Correction: Wang et al. Cross-Scene Multi-Object Tracking for Drones: Leveraging Meta-Learning and Onboard Parameters with the New MIDDTD. Drones 2025, 9, 341

by
Chenghang Wang
,
Xiaochun Shen
,
Zhaoxiang Zhang
*,
Chengyang Tao
* and
Yuelei Xu
Unmanned System Research Institute, Northwestern Polytechnical University, Xi’an 710072, China
*
Authors to whom correspondence should be addressed.
Drones 2025, 9(7), 510; https://doi.org/10.3390/drones9070510
Submission received: 10 July 2025 / Accepted: 10 July 2025 / Published: 21 July 2025
Versions Notes

Missing Citation

In the original publication [1], the reference “Zhang, Z.; Xu, Y.; Song, J.; Zhou, Q.; Rasol, J.; Ma, L. Planet craters detection based on unsupervised domain adaptation. IEEE Trans. Aerosp. Electron. Syst. 2023, 59, 7140–7152” was not cited. The citation has now been inserted in “2. Related Work”, the fourth paragraph, and should read as follows:
“Despite some significant progress in air-to-ground visual target tracking, many challenges remain. For example, the SORT algorithm, which uses convolutional neural networks for object detection and Kalman filters to predict object motion, frequently encounters target ID changes during long-term tracking, particularly performing poorly in occlusion scenarios [20]. DeepSORT improves on this issue by introducing re-identification features and cascade matching strategies, but it still cannot completely avoid ID switching problems. Other methods such as MOTDT, ByteTrack, and BoTSORT show improvements in specific scenarios, but they still fall short in handling weak small-target detection, non-linear trajectory prediction, and trajectory continuity.

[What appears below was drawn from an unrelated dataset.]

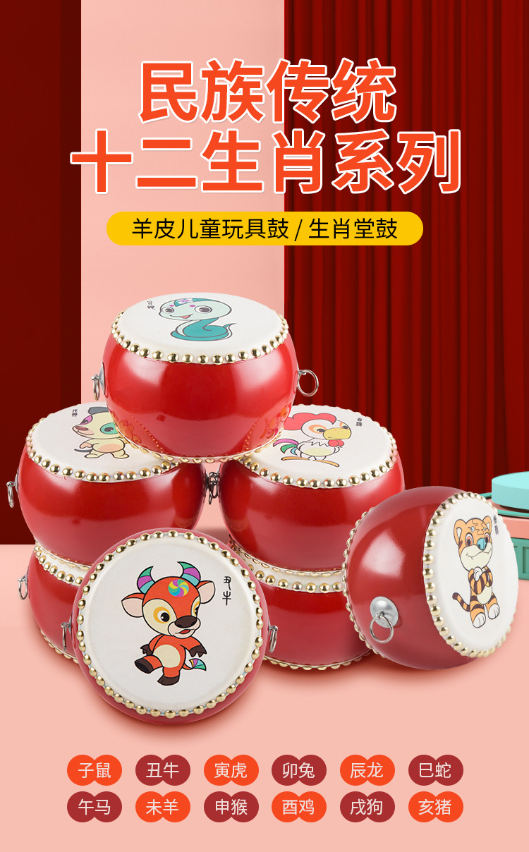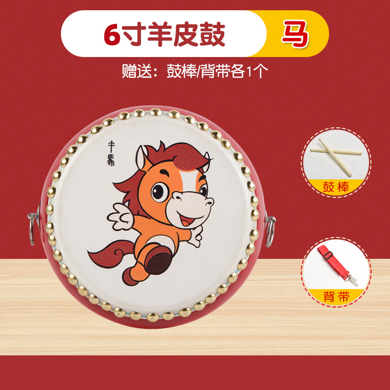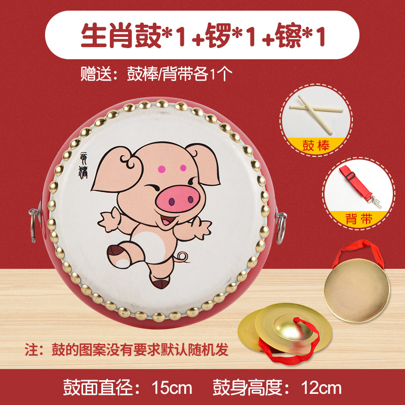 6-inch zodiac drum + drumstick + strap + small cymbals + small gong

Additionally, many joint detection MOT methods like JDE, FairMOT, and CenterTrack improve inference speed, but they still face challenges in accuracy and robustness when dealing with target scale variations, occlusions, and complex background interference. In summary, current methods have significant room for improvement in weak small-target detection, non-linear trajectory prediction, and trajectory continuity. The proposed method in this paper effectively addresses these issues by combining convolutional attention modules, global context enhancement, and adaptive, bidirectional, long short-term memory networks, significantly improving the precision and robustness of multi-target tracking; the algorithm structure is shown in Figure 2. Compared to the aforementioned classical methods, the proposed approach achieves an improvement of over 3% in the MOTA metric, particularly demonstrating a 20% reduction in ID switches under scenarios involving occlusion and small/weak targets.”
The “References” section will be updated with the addition of the above-mentioned reference as follows:
20.
Zhang, Z.; Xu, Y.; Song, J.; Zhou, Q.; Rasol, J.; Ma, L. Planet craters detection based on unsupervised domain adaptation. IEEE Trans. Aerosp. Electron. Syst. 2023, 59, 7140–7152.
With this correction, the order of some references has been adjusted accordingly. The authors state that the scientific conclusions are unaffected. This correction was approved by the Academic Editor. The original publication has also been updated.

Reference

  1. Wang, C.; Shen, X.; Zhang, Z.; Tao, C.; Xu, Y. Cross-Scene Multi-Object Tracking for Drones: Leveraging Meta-Learning and Onboard Parameters with the New MIDDTD. Drones 2025, 9, 341. [Google Scholar] [CrossRef]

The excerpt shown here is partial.